The key to buying the most energy efficient HVAC systems lies in understanding all the efficiency ratings used in the industry. There are basically five efficiency ratings that every consumer needs to understand before making a decision to purchase any type of HVAC equipment. They are:
Energy Efficiency Ratio (EER)
The EER is a measure of the cooling power of an air conditioning system per unit of power consumed. It is calculated by dividing the cooling power provided by an AC per hour by the number of watts of electricity consumed. The measurements obtained during the hottest day of the season are normally used to calculate the EER of an air conditioner. Simply put, EER is meant to give consumers an idea of the cooling power to expect from an AC for every dollar spent on electricity.
Seasonal Energy Efficiency Ratio (SEER)
While the EER only measures the energy efficiency of the AC on the hottest day of the season, SEER gives the average efficiency for the whole season, so it is a more reliable efficiency rating for air conditioners. It is obtained by dividing the output power of an AC (in BTUs) throughout the season by the total energy consumed by the machine throughout the season. Air conditioners can have SEER ratings ranging from 13 to 22, the latter being the most energy efficient device.

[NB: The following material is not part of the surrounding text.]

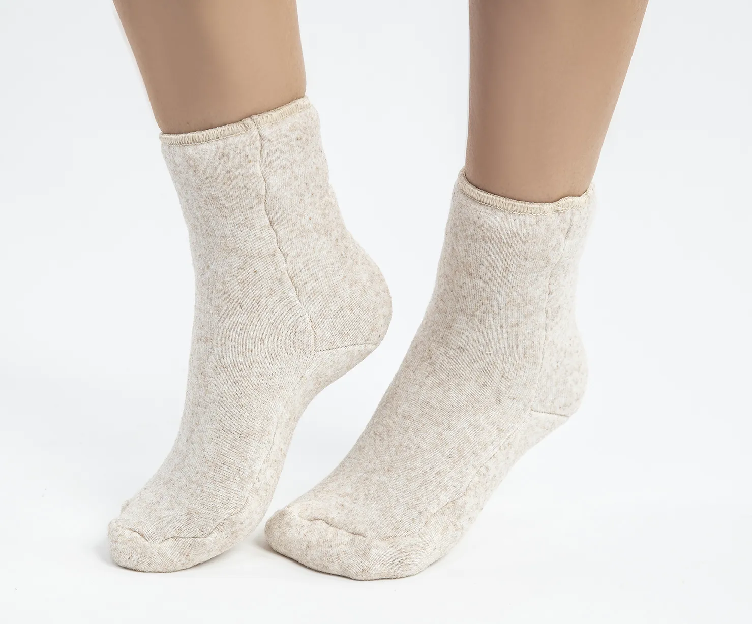 Носки мягко массируют стопу. Они обладают теплозащитными свойствами, легкие и мягкие, защищают от переохлаждения, оберегают от простудных заболеваний. Носки можно носить с обувью с широким мысом, обеспечивая прогрев ног сухим теплом целый день. Материал - трикотажное полотно с чистошерстяным ворсом.

This is a popular efficiency rating devised by the EPA. Tests are normally done to determine the performance and energy efficiency of Energy Star-rated HVAC equipment to determine if they can give consumers great value for money while contributing to nationwide energy savings. While these devices are a little bit more expensive than their inefficient counterparts, the price difference can easily be recovered in energy savings realized over time.
Heating Seasonal Factor Performance (HSFP)
This rating measures the efficiency of the heating element of a heat pump. It is obtained by dividing output heating power by the input electrical energy.
Minimum Efficiency Reporting Value (MERV)
This is a rating for air filters in HVAC equipment. Filters with smaller holes are deemed to be more efficient. MERV rating starts from 1 to 16, with the latter being the highest efficiency.